25 Apr 2022 12:18PM   Views : 402 Unique : 220


This is for Hannah, and anyone else who has come across the casual way that a lot of togs talk about one or two types of filter that landscaper photographers use a lot: graduated filters and neutral density filters.

A graduated filter is one that is tinted at one extreme, and clear at the other, and the aim is to allow a subject that’s bright on one side and dark on the other to be recorded in a single image, controlling the contrast range. It’s a bit easier said than done.


I don’t use them much, and the first one that came to hand is the notorious Cokin tobacco filter. These were monumentally popular for about six months in the late Seventies, and have been unacceptable in polite society ever since. You can possibly see why – one apocalyptic sky is impressive. But hundreds… Not so much.

As the image of the camera shows, the filter holder allows the user to slide the filter up and down, and it’s also possible to angle it to allow shooting steep hillsides. It’s crucial to use depth of field preview to adjust the position, as the examples show.


The precise effect varies with aperture, focal length, and which slot in the holder the filter is in. Using a wider lens, a smaller aperture or a slot further from the lens makes the division between filtered and unfiltered sharper. Filters are available with greater or less strong tints, and with sharper and more gentle transitions between the two, and some people carry a variety. The good ones – high quality optical glass – can cost £100 each.

The purist filter is a grey one, altering tones but not colours – though often, there is a slight colour tint (especially for those using auto white balance, I suspect). Careful testing and experiment is wise before using one for an important picture!

Confusingly, many people call a graduated filter a graduate, which makes it easy to confuse with a measuring cylinder (also known as a graduate in some circles) or a person who has successfully completed a university degree…

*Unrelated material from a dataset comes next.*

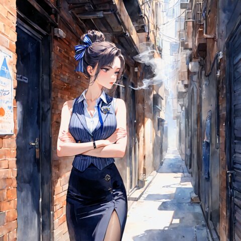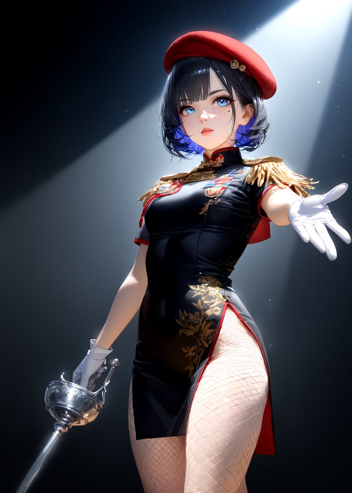 (delicate facial features, ultra high res, extremely detailed eyes and face, perfect anatomy:1.2,super detailed skin,cinematic lighting, cinematic shadow,photorealistic,) cowboy shot,bokeh, military uniform,contrapposto, wide stance, very long gray chinese dress, gray short sleeves, military red beret, epaulet, rank insignia, abbreviation, lapel pin, epaulettes, epaulet, military ribbon, white short gloves, mole,mole under eye, very short cut, detaioled light blue colored inner black hair, super detailed streaked hair, long bangs, detailed light blue eyes, heavy makeup, botanical embroidery fishnet tights, <lora:legs_detailed_2.0:0.66> detailed_legs, legs, <lora:DetailedPerfect_hands_r1:0.63> detailed hands, perfect hands, solo, fingernails, realistic, semi-realistic hands, gradient, palms, outstretched hand, fingers <lora:add-detail-xl:0.61> portrait, <lora:DetailedEyes_V3:0.66> detailed eyes, <lora:rapier_pony_ex_c12_d16:0.89> holding sword rapier

And there are neutral density filters, too. These can be bought for relatively normal purposes, to deal with exceptionally bright light, or with a very high filter factor, to allow extended shutter speeds when the user wants to blur movement of clouds, water or anything else. A popular strength is ten stops, which turns day to night – but that is perhaps for another blog…



25 Apr 2022 12:52PM
Ah!! Tobacco skies, I remember them well, John, still think I have mine, hidden in the dim, deep recesses of some drawer or other Smile

On the other hand, I have never used a neutral density filter, as they do not suit my type of photography, but I can admire the images of those
who use them to their full potential.

There are, of course, Graduated Filters in Photoshop etc, but not to be confused with the in front of lens type,

Meta_Morph 1 5 1 United Kingdom
25 Apr 2022 1:56PM
Thanks John, very helpful 👍 would you recommend using these instead of bracketing? Hannah
dark_lord Plus
19 3.0k 836 England
25 Apr 2022 2:34PM
I now see the use for the graduated tobacco filter, it adds a splash of colour interest to a discussion on filters Wink
I have a set of Lee ND grads. Even with cameras that have good dynamic range and shooting in RAW, such filters still hel manage the cotrast range which makes any software proessing easier and moe flexible especially in more extreme circumstances.

A useful and informative blog John.
dudler Plus
19 2.0k 1996 England
25 Apr 2022 4:16PM
Hannah, it depends on your preferred way of working.

If you like to shoot, and do minimal editing on a computer, get a filter or two. If you're happy to do more extensive work in software, bracketing is definitely the way to go.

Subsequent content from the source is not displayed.